HERE’S a wee tale which I swear is true. I cannot divulge the identity of the individual concerned for fear of embarrassing the unfortunate chap.

Back in the mid-seventies, Jock Stein bought a proven goalscorer for Celtic. As ever, the legendary manager was looking to add more firepower to the side and he saw this player as being an ideal addition to his squad.

The character in question had netted regularly for his three other senior clubs prior to the transfer and there seemed absolutely no reason to anticipate the blanks stacking up at the Hoops.

Alas, the poor bloke could do little right after arriving at his new place of employment. I was at Celtic Park to witness his solitary strike which I reckon even my good self in my carpet slippers would have been able to tuck away. He didn’t get too many chances to celebrate his big moment – Big Jock punted him a couple of months later.

BALL BHOY…Jock Stein didn’t often get it wrong in the transfer market.

Inevitably, he refound his killer touch in front of goal and the strikes mounted up all the way to his retirement about a decade later.

Many years after his brief excursion to the east end of Glasgow, I was having a small libation with a Sunday Mail News Desk colleague in our office pub on the Clydeside. In came the former player, who also played for Scotland at one stage, and joined our company. I hadn’t been aware of any association between my editorial colleague and the one -time Celt. It transpired they had been born and brought up in the same village.

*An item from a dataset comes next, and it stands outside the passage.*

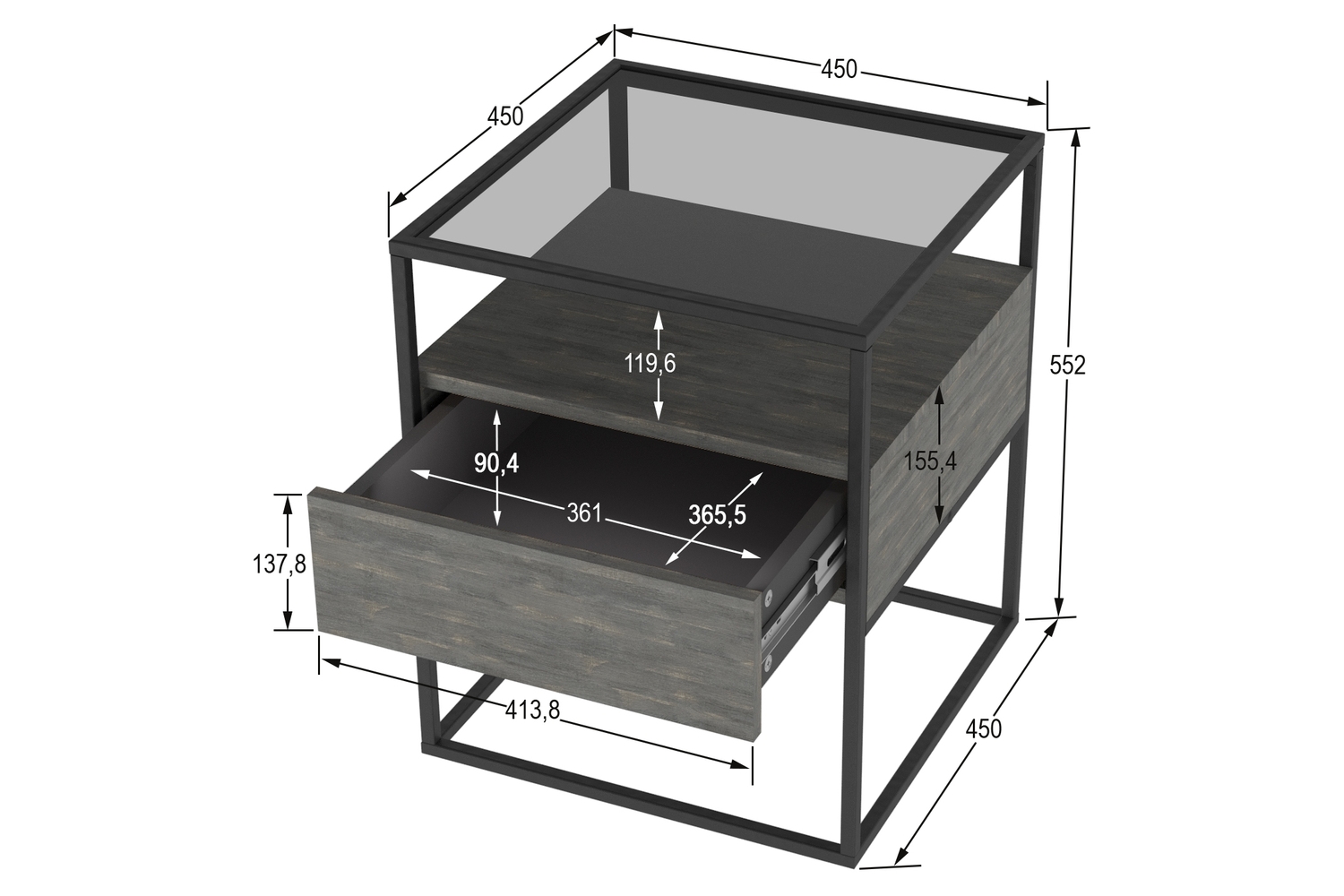 Прикроватная тумба Эйд выполнена в современном лаконичном стиле и уместно дополнит интерьер гостиной. Стильная тумба приковывает внимание, прежде всего, своим исполнением: комбинацией используемых материалов. Стеклянная столешница из тонированного закаленного стекла в сером цвете дополнена полкой и ящиком для удобного хранения подручных вещей с системой открывания PUSH-TO-OPEN. А прочный металлический каркас из профиля толщиной 15 мм обеспечивает высокую прочность и устойчивость.

I took the opportunity to explore why his goalscoring career had stalled so spectacularly and dismally at Parkhead.

“When I played for other teams,” he explained, “I knew if I beat one defender I was in on goal.

“It would be just me one-on-one with the keeper and then it was up to me to make sure I didn’t miss. That was never the case at Celtic.

“I could beat one defender and there was another bloody player blocking my way. I might be able to get past him, but then you could be confronted with a third obstacle.

“I had never encountered that before in my career. I struggled to overcome the problem and I’m afraid I just couldn’t handle it. When I left Celtic, the situation reverted back to what I was used to with other clubs and I started scoring goals again.”

I recollected the conversation when I read this week that Kevin van Veen is interested in a quickfire return to Scotland after leaving Motherwell for Dutch outfit Groningen in the summer.

Inevitably, he was linked with Celtic. Admittedly, his scoring ratio at Fir Park was excellent – 33 in 67 games – but if the 32-year-old frontman does play in Glasgow any time soon it won’t be in the east end of the city.